In 1586 it was purchased by Thomas Owen, a Member of Parliament for, and Recorder of, Shrewsbury, from the family of the previous owner, Henry Vynar, a London merchant who had died in 1585.
Building accounts record that a John Richmond of Acton Reynald was the original master mason, but by 1591 Walter Hancock had taken over the position.
Lawrence Shipway, the builder of the second (not current) Shire Hall at Stafford, also appears to have had some major contribution to the building design.
[5] Built out of pink sandstone, quarried at nearby Berriewood, Condover Hall has typical Elizabethan two-storey ground-floor rooms lit by tall windows with regular mullions and double transoms.
The grounds are laid out in formal 17th-century style with boxed yew hedges and sandstone balustraded terraces decorated with Italianate terracotta vases.

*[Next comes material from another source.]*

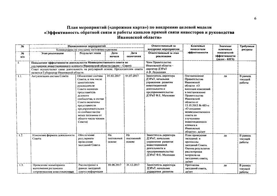 Распоряжение Правительства Ивановской области от 28.02.2017 N 15-рп "Об утверждении планов мероприятий ("дорожных карт") по целевым моделям "Наличие и качество регионального законодательства о механизмах защиты инвесторов и поддержки инвестиционной деятельности", "Эффективность обратной связи и работы каналов прямой связи инвесторов и руководства Ивановской области", "Эффективность деятельности специализированной организации по привлечению инвестиций и работе с инвесторами", "Качество инвестиционного портала Ивановской области"

[3] According to a local legend – noted to be "utterly at variance with facts", not least in being unsupported by the history of ownership of the house, which indicates it was granted by King Henry VIII to a Sir Henry Knyvett who lived there only briefly before selling it on[8] – no heir to Condover Hall will prosper since the hall was cursed from the gallows by a butler falsely accused of murder; he had been condemned by the lies of the son of Knyvett, lord of the manor, who stabbed his father to death.
The hall was sold in 2005 to the Priory Group, who opened a residential school for autistic children and a college for young people with Asperger syndrome.